[DATASET EXCERPTS — start]
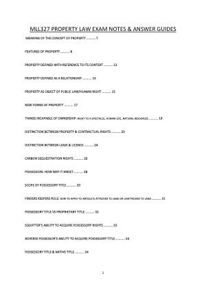These are my fully comprehensive detailed notes for MLL327 / MLP327 (Revised for 2024). This is all I used for the exam. I have spent countless hours compiling these notes. My mark was 90 HD for the subject. I scored 95% in the exam using only these notes. These notes are comprehensive and integrate everything learnt in the subject, including the prescribed readings from the textbook, lecture notes, tutorial answers, case summaries, etc. Please see my accompanying exam guide for a more step-by-step approach to answering property law exam questions shown in the sample notes. These notes cover the following topics: - 1 CONCEPT & CATEGORIES OF PROPERTY - 2 PERSONAL PROPERTY, POSSESSION & FIXTURES - 3 ADVERSE POSSESSION - 4 DOCTRINE OF TENURE - 5 NATIVE TITLE - 6 FREEHOLD ESTATES - 7 LEASES - 8 EQUITABLE PROPERTY - 9 EASEMENTS - 10 RESTRICTIVE COVENANTS OVER LAND - 11 MORTGAGES Hope these comprehensive notes help you smash Property Law!
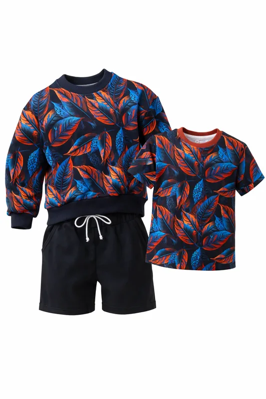 USZYTY I GOTOWY DO WYSYŁKI Dresik: Bluza o kroju oversize kakaowiec T-shirt dziecięcy rozmiar 98 kakaowiec Szorty granatowe Materiał: 95% bawełna 5 % elastan Rozmiar: 98 Wymiary bluzy: szerokość: 32cm długość: 35cm długość rękawa mierzona od szyi: 40cmcm Tył: taki sam jak przód Wymiary t-shirtu: szerokość: 29cm długość: 36cm
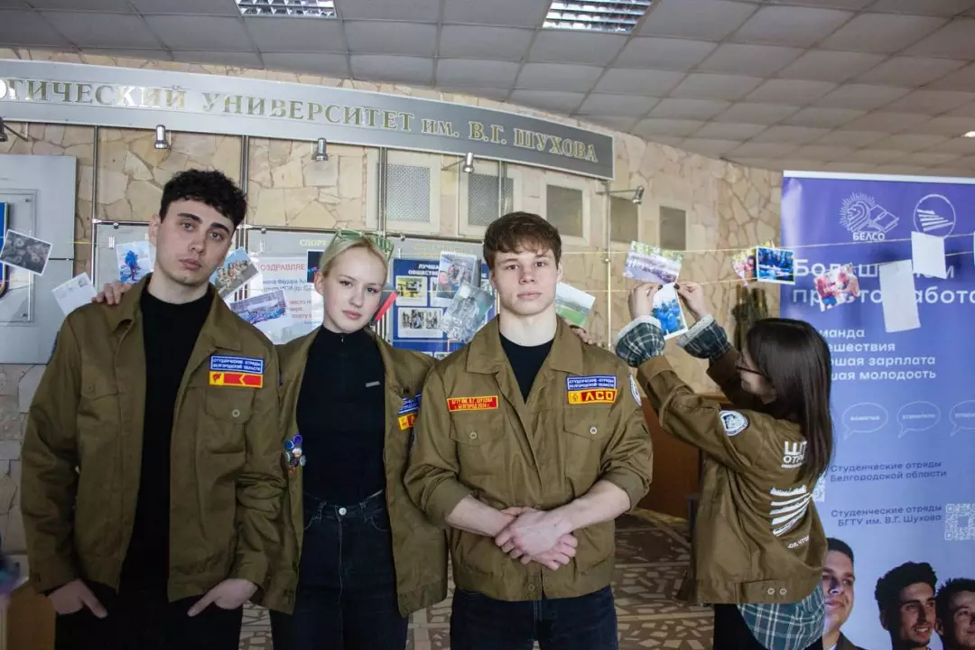 Представители студенческих стройотрядов в фойе аудиторного корпуса устроили традиционную фотосушку, разместив самые памятные мгновения трудовых будней бойцов движения на фотокарточках.
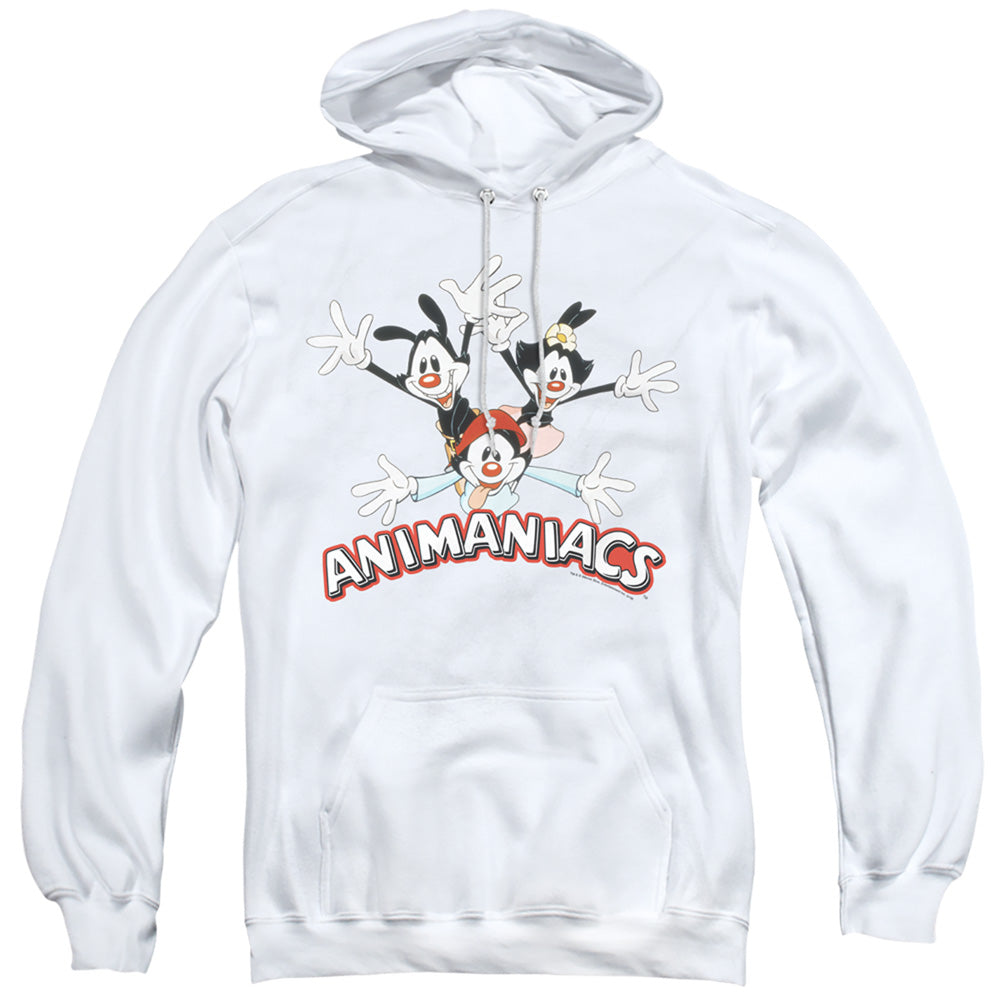 Unleash your animated spirit with our exclusive Animaniacs Officially Licensed Apparel, a vibrant homage to the iconic and zany trio that defined a generation of laughter. Crafted with meticulous attention to detail, each garment serves as a wearable masterpiece, capturing the essence of Yakko, Wakko, and Dot. Embrace nostalgia with our high-quality fabrics that promise not only enduring comfort but also a splash of whimsical style. Whether you're a longtime fan or a new aficionado, this apparel collection transcends ordinary clothing, inviting you to a realm of creativity and chaos. Infuse your wardrobe with character, charm, and charisma; let the world know you haven't lost your sense of animated wonder. Discover the magic of the Warner siblings and express your inner cartoon connoisseur. Purchase today and transform your everyday look into an exciting exhibit of fandom and flair.Animaniacs Animaniacs Trio Mens Hoodie White
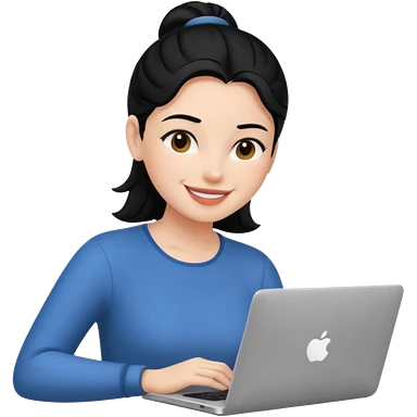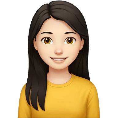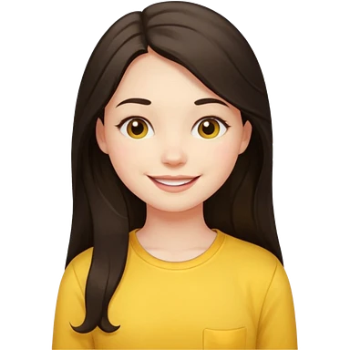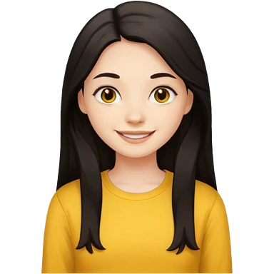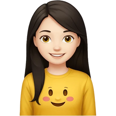 girl on her laptop, long dark hair white skin and yellow shirt long sleeves, smiling emoji
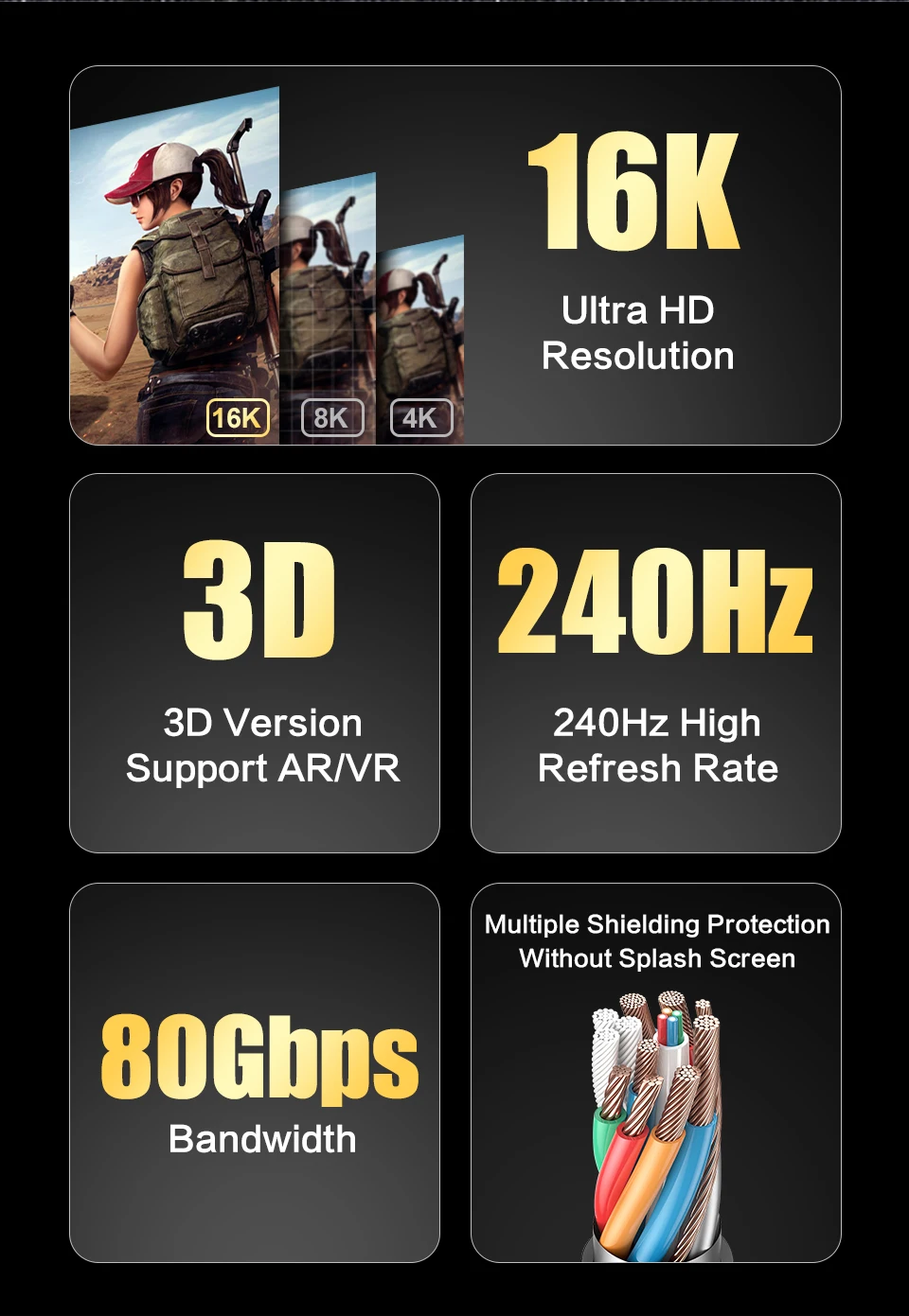 El cable DisplayPort 2,0 de gama alta es compatible con las tecnologías FreeSync y G Sync para disfrutar de un juego fluido y sin desgarros, lo que le permite percibir claramente el movimiento del enemigo. HDR dinámico puede optimizar la imagen oscura del juego y mejorar los detalles, especialmente en FPS, obras maestras 3A y juegos MOBA.
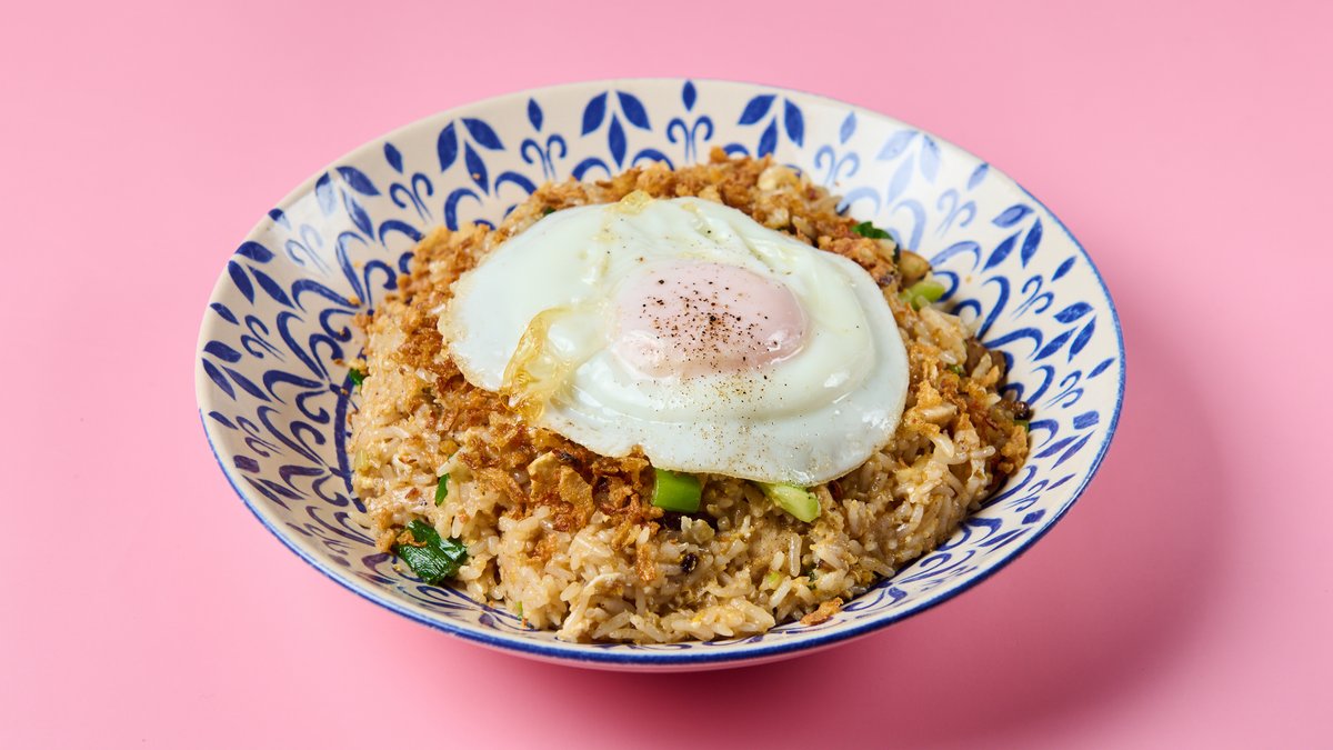 Khao pad. Με κοτόπουλο, ρύζι γιασεμί, κρεμμύδι, ντοματίνια, φρέσκο κρεμμύδι, καρότο και αυγό
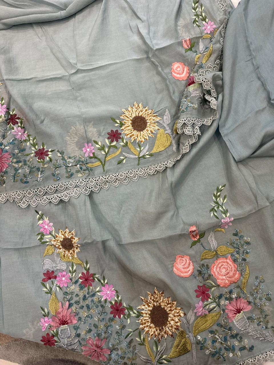 BEAUTIFUL PURE COTTON SUIT WITH 3D EMBROIDERY
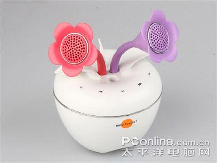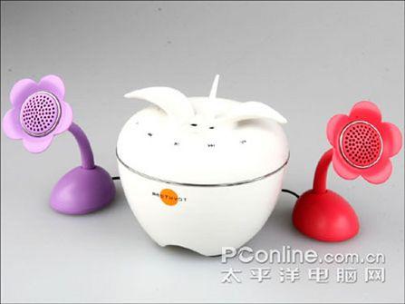 苹果一样的低音箱体可与两支花型卫星音箱整合或分开使用,花型卫星音箱可置于苹果型低音箱体上方,也可独立插在随机配备的支架上,无论是哪种摆放,都能给人耳目一新的感觉。在参数方面,酷睿水晶A-7音箱表现良好,卫星箱3W×2,重低音12W,扬声器单元高音26mm,低音68mm,频率响应为100HZ~20KHZ,放大器失真度小于0.7%。
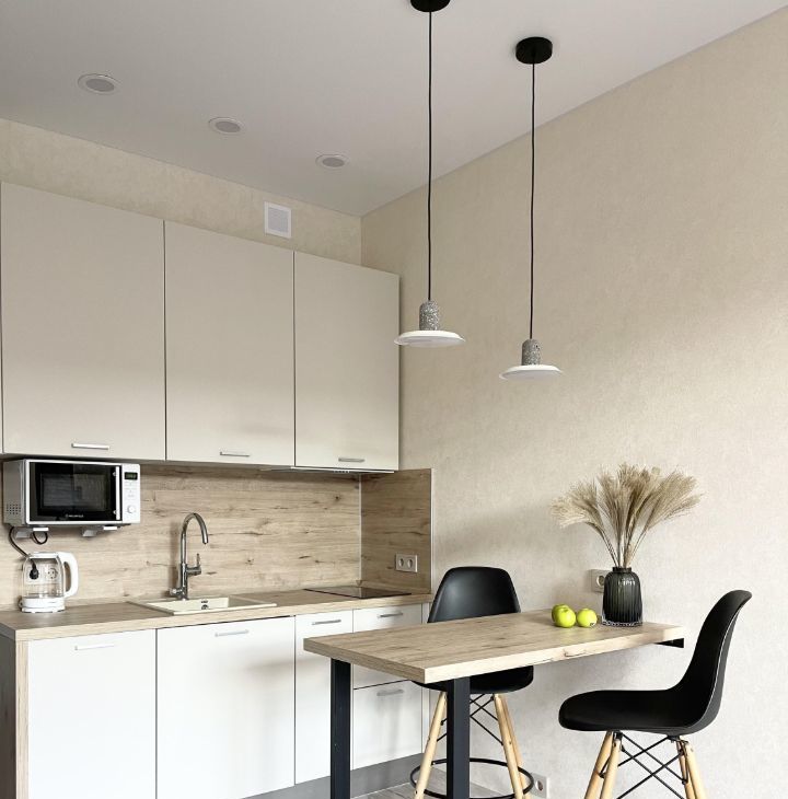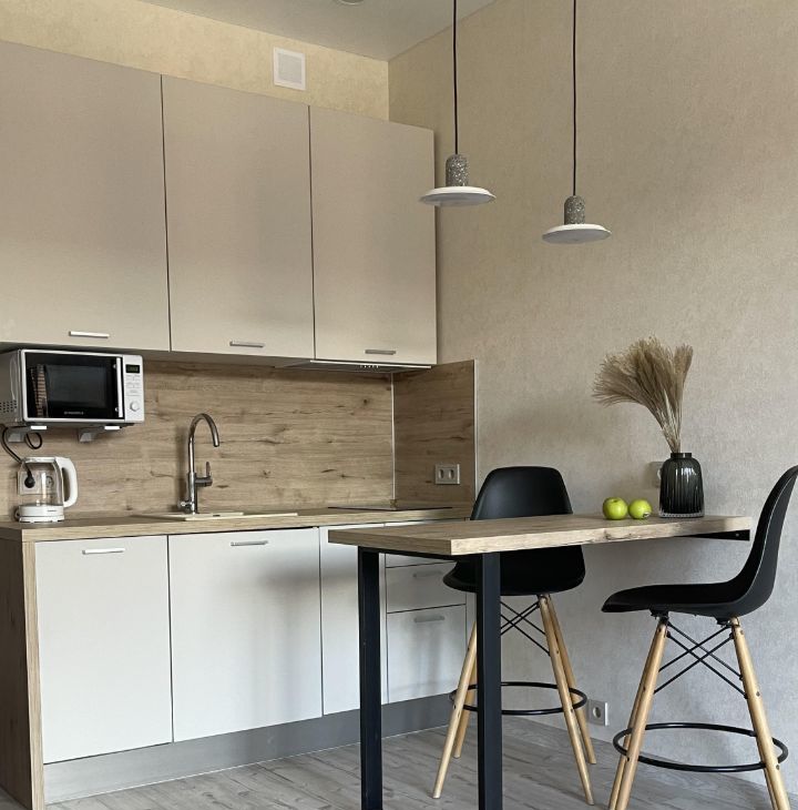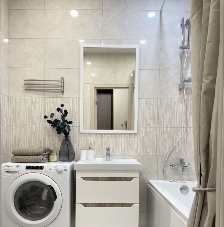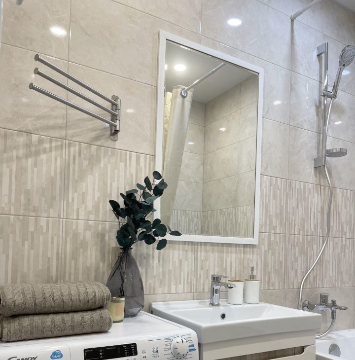 В квартире установлена вся необходимая мебель и техника - Smart TV, большой холодильник, посудомоечная машина, варочная поверхность, микроволновая печь, вытяжка, стирально-сушильная машина, чайник, пылесос, фильтр на воду.
[DATASET EXCERPTS — finish]
WORK TASK: The reply needs to repeat exactly the line containing "girl on her" and each line after it, through the final line of the entries above, and to skip the pictures.

SOLUTION FOR THIS TASK:
 girl on her laptop, long dark hair white skin and yellow shirt long sleeves, smiling emoji
 El cable DisplayPort 2,0 de gama alta es compatible con las tecnologías FreeSync y G Sync para disfrutar de un juego fluido y sin desgarros, lo que le permite percibir claramente el movimiento del enemigo. HDR dinámico puede optimizar la imagen oscura del juego y mejorar los detalles, especialmente en FPS, obras maestras 3A y juegos MOBA.
 Khao pad. Με κοτόπουλο, ρύζι γιασεμί, κρεμμύδι, ντοματίνια, φρέσκο κρεμμύδι, καρότο και αυγό
 BEAUTIFUL PURE COTTON SUIT WITH 3D EMBROIDERY
 苹果一样的低音箱体可与两支花型卫星音箱整合或分开使用,花型卫星音箱可置于苹果型低音箱体上方,也可独立插在随机配备的支架上,无论是哪种摆放,都能给人耳目一新的感觉。在参数方面,酷睿水晶A-7音箱表现良好,卫星箱3W×2,重低音12W,扬声器单元高音26mm,低音68mm,频率响应为100HZ~20KHZ,放大器失真度小于0.7%。
 В квартире установлена вся необходимая мебель и техника - Smart TV, большой холодильник, посудомоечная машина, варочная поверхность, микроволновая печь, вытяжка, стирально-сушильная машина, чайник, пылесос, фильтр на воду.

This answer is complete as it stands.